Bekijk de video van deze spreekbeurt

Minister Grapperhaus i:

Mevrouw de voorzitter. Het is een bijzonder voorrecht om, met een kleine onderbreking van vorige week dinsdag, vandaag toch weer met uw Kamer van gedachten te mogen wisselen over het Europees Openbaar Ministerie. Ik vind het zelfs heel bijzonder dat ik allereerst mag reageren op een motie die qua afkorting kunstmatige intelligentie vertegenwoordigt. Ik moet wel zeggen dat het in de eerste plaats sinds jaar en dag een goed gebruik is dat beide Kamers van de Staten-Generaal tijdig worden geïnformeerd over vergaderingen in EU-verband waaraan leden van het kabinet deelnemen. Ik wil dat hier nog eens luid en duidelijk gezegd hebben. Dat geldt zeker voor raadsvergaderingen over JBZ-aangelegenheden. Tijdens het debat van twee weken geleden heb ik ook aangegeven dat ik vind dat dat met de kwestie rondom het mandaat van het EOM zeker aan de orde is. Dat staat zelfs los van de extra verzekering die mijn voorvoorganger in 2016 op dat punt heeft gegeven. U mag er dus van uitgaan dat ik de kalender heel goed zal bijhouden of ik op JBZ-Raden ga praten over het EOM en dat ik ervoor zorg dat beide Kamers tijdig daarvan kennisnemen, zodat we met elkaar een goed debat daarover kunnen voeren. U mag uit het voorgaande afleiden dat ik de motie overbodig acht, maar ik laat verder het oordeel aan uw Kamer.

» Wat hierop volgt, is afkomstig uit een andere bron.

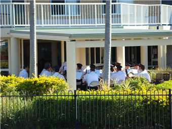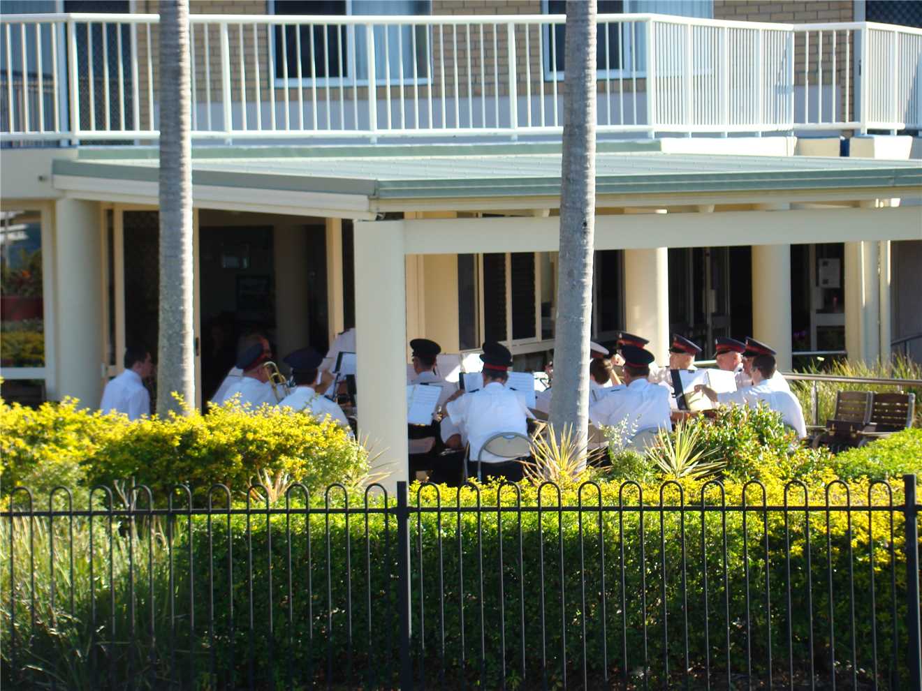 photo, maybe next time. While riding towards Lands End bridge in Biggera Waters, as I past the 'old farts' rest home, there was a band playing in the garden.
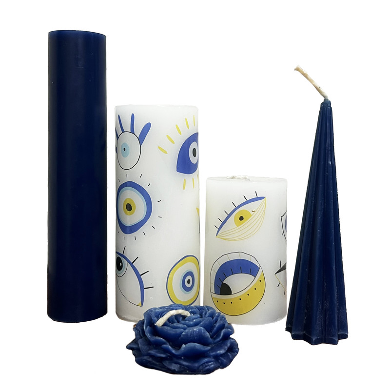 | سایر توضیحات | ابعاد و سایز شمع ها: استوانه سرمه ای قطر4سانتی متر وارتفاع20سانتی متر قطر استوانه های سفید هردو 6سانتی متر و در ارتفاع 10و15 سانتی متر می باشد شمع هرم شکل ارتفاع15سانتی متر می باشد سایز شمع گل متناسب با ابعاد نوشته شده می باشد |
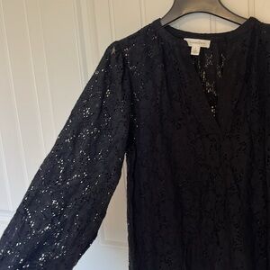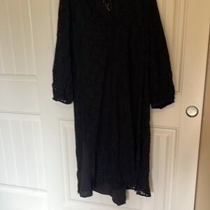 NWT Treasure Bond Lace Lined Peasant Midi Dress Black V-Neck Long Sleeve Small

De tweede motie, met letters AJ. Ik stel vast dat de motie wordt ingeleid met de woorden "stemt in" of zo u wilt "instemt". U wilt het mij misschien vergeven dat ik hier toch een kleine preliminaire kanttekening wil maken en signaleer dat uw Kamer staatsrechtelijk gesproken geen instemmingsrecht in deze kwestie heeft. Strikt genomen zou in het Nederlands de term "verwelkomt" of "ondersteunt" waarschijnlijk beter passen bij de juridische context. Maar ik wil uitdrukkelijk gezegd hebben dat uw Kamer uiteraard zelf de tekst van moties bepaalt en dat, ook wanneer u toch zou menen dat een ander woordgebruik alleen maar meer ondersteuning en enthousiasme uitdrukt, ik het oordeel daarover volledig aan uw Kamer overlaat.

Dank u wel.

De voorzitter:

Dank u wel.

De beraadslaging wordt gesloten.


Bekijk de video van dit verslagpunt

Stemmingen

Stemmingen moties Voorgenomen deelname Nederland Europees Openbaar Ministerie

Aan de orde zijn de stemmingen over moties, ingediend bij het debat over het voorstel voor een verordening tot instelling van het Europees Openbaar Ministerie (E130041) en de brief van de minister van Justitie en Veiligheid d.d. 23 februari 2018 inzake het voornemen tot deelname aan het Europees OM (33709, letter AE),

te weten:

de motie-Van Hattem c.s. over het afzien van deelname aan het Europees Openbaar Ministerie (33709, letter AF);

de motie-Wezel c.s. over de gevolgen van deelname aan het Europees Openbaar Ministerie voor de nationale FIOD/opsporings-, vervolgings- en berechtingscapaciteit (33709, letter AG);

de gewijzigde motie-Duthler c.s. over de eventuele uitbreiding van de bevoegdheden van het Europees Openbaar Ministerie (33709, letter AI, was letter AH);

de motie-Duthler c.s. over instemming met de voorgenomen deelname aan het EOM (33709, letter AJ).

(Zie vergadering van heden.)


Bekijk de video van deze spreekbeurt

De voorzitter:

Dan gaan we nu over tot de stemmingen. Hebben alle leden de presentielijst getekend? Dat is kennelijk het geval.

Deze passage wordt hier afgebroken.